Data items
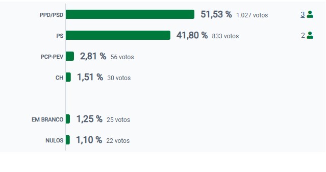 A segunda força partidária mais mais votada foi o Partido Socialista, com 41,80% . A coligação PCP/PEV obteve 2,81% e o Chega 1,51%.
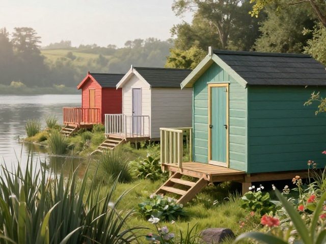 Eco fishing pods, shepherd's huts, and lakeside lodges. Fully installed with services and decking.
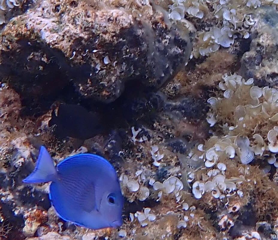 Avant de sortir de l’eau, jetez un oeil à l’immense platier couvert de gorgones qui s’étend à l’Est du spot. C’est le royaume des bancs de chirurgiens bleus, qui le parcourent inlassablement en broutant les petites algues qui poussent sur ces fonds aérés.
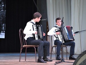 Ведущие концертной программы — учащиеся школы Иващенко Руслан и Зайцев Кирилл.
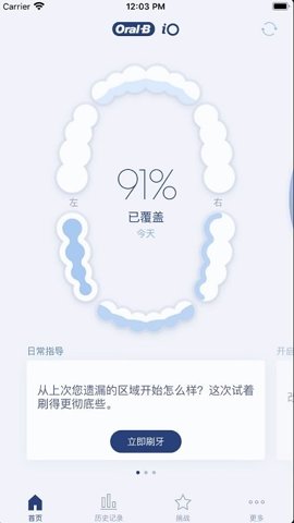 3、刷牙挑战,参加刷牙挑战,了解自己在均匀清洁口腔后的效果,并提交分数以完善刷牙程序。
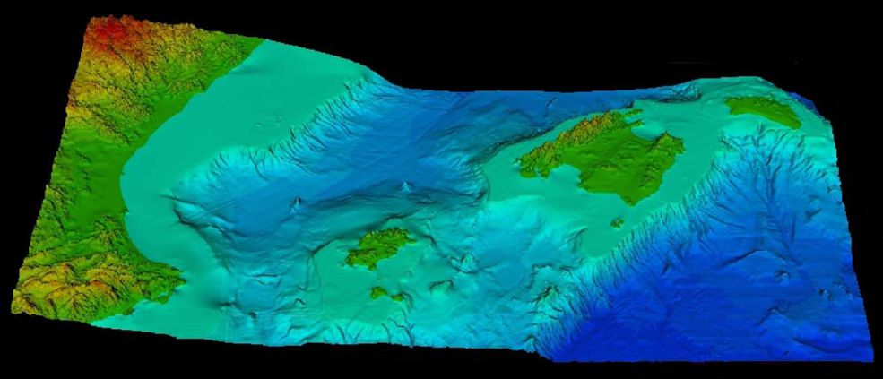 Bathytopographic map of the Balearic Promontory and Gulf of Valencia, created by GRC Geociències Marines, Geology Faculty, UB.

## WHAT YOU SHOULD DO:
Word for word, restate the lines from the line containing "3、刷牙挑战,参加刷牙挑战,了解自己在均" through the end of the data, including the first and last of them. Pictures stay out.

## EXERCISE OUTPUT:
 3、刷牙挑战,参加刷牙挑战,了解自己在均匀清洁口腔后的效果,并提交分数以完善刷牙程序。
 Bathytopographic map of the Balearic Promontory and Gulf of Valencia, created by GRC Geociències Marines, Geology Faculty, UB.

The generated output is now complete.